The Drug Controller General of India on Monday granted approval to a pharmaceutical company in Hyderabad to conduct clinical human trials of a potential vaccine for the coronavirus, NDTV reported. The first two phases of human trials for the vaccine, called Covaxin, are scheduled to start across the country in July.

It is the first indigenous vaccine to have received the drug regulator’s approval for trials.

Covaxin was developed by Bharat Biotech in collaboration with the Indian Council of Medical Research and the National Institute of Virology.

It is an inactivated vaccine created from a strain of the infectious SARS-CoV-2 virus. Inactivated vaccines use the killed version of the germ that causes a disease. It helps the immune system mount an antibody response towards virus.

Permission to conduct its clinical trial was granted after the company submitted results from pre-clinical studies of the vaccine, which demonstrated its safety and immune response.

“The collaboration with the ICMR and NIV was instrumental in the development of this vaccine,” Bharat Biotech Chairperson and Managing Director Dr Krishna Ella said, according to The Indian Express. “The proactive support and guidance from the Central Drugs Standard Control Organisation have enabled approvals to this project.”

Last week, the World Health Organization said the experimental vaccine AstraZeneca vaccine was probably the leading candidate and most advanced in terms of development, Reuters reported.
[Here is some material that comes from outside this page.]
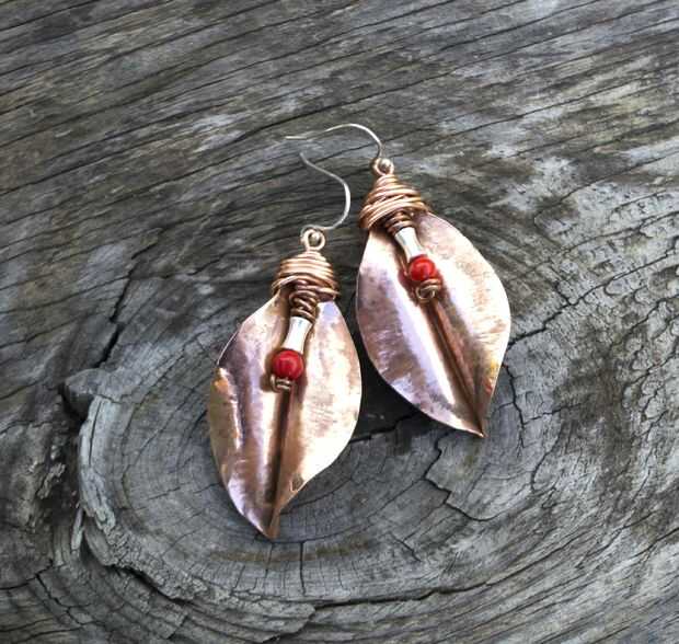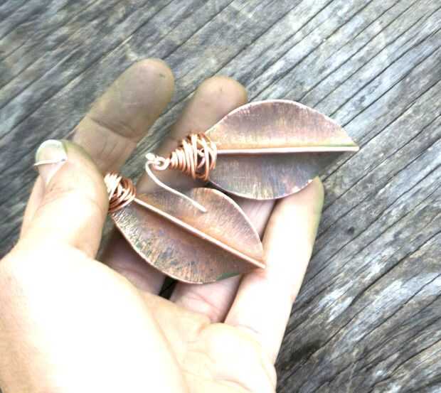 Hice este par de pendientes con una hoja de scrap de cobre.

The vaccine was developed by researchers at University of Oxford in United Kingdom and the British firm has already begun large-scale human trials for it.
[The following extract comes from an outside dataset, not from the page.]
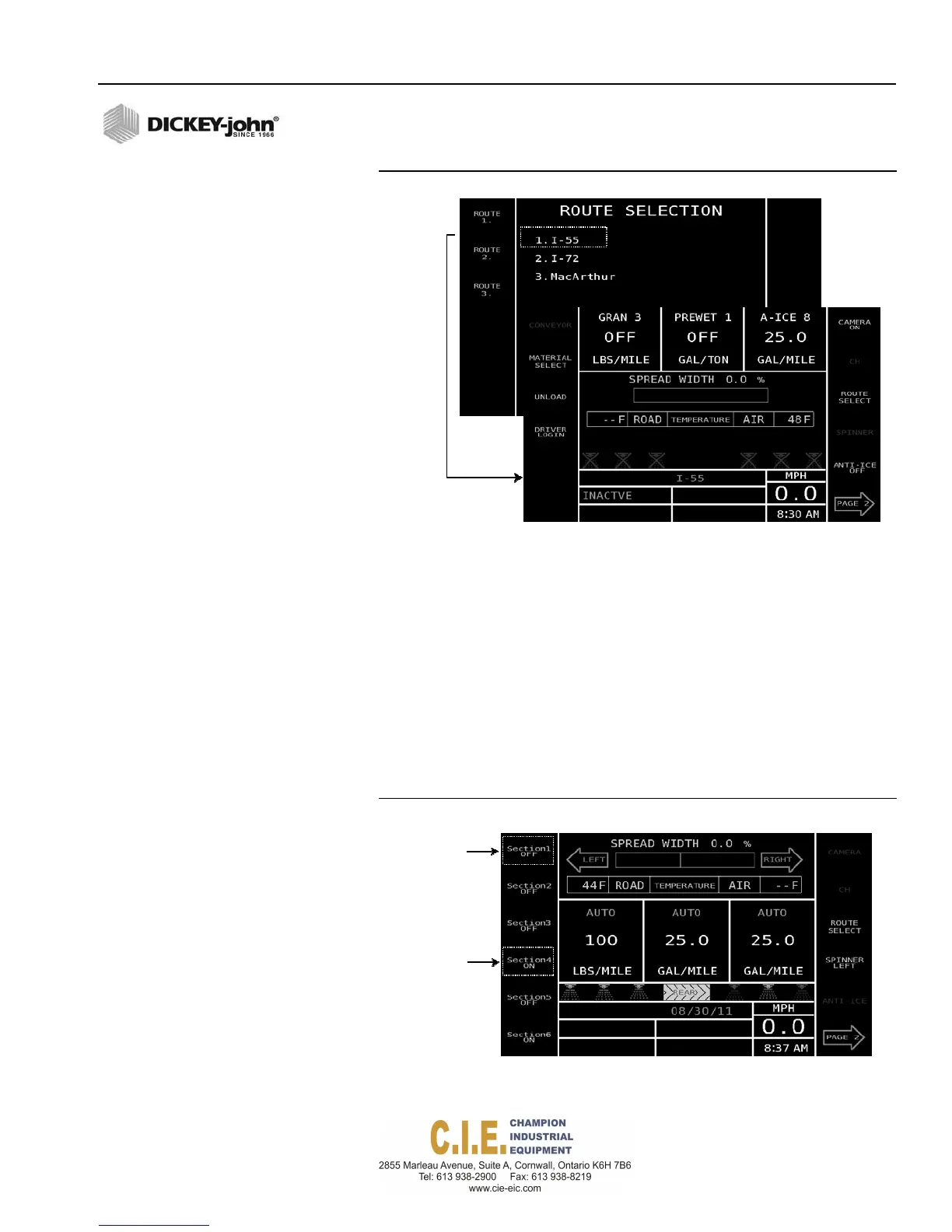 Spray nozzle graphics indicate active state. Any nozzle that is active

In May, the NITI Aayog had said that 30 groups in the country were working on developing a vaccine against the coronavirus. Principal Scientific Advisor K Vijay Raghavan had said that India is on the right track to develop a vaccine. “There are about a total of 30 groups in India, big industry to individual academics, who are trying to develop vaccines, of around 20 are keeping a good pace,” Raghavan said.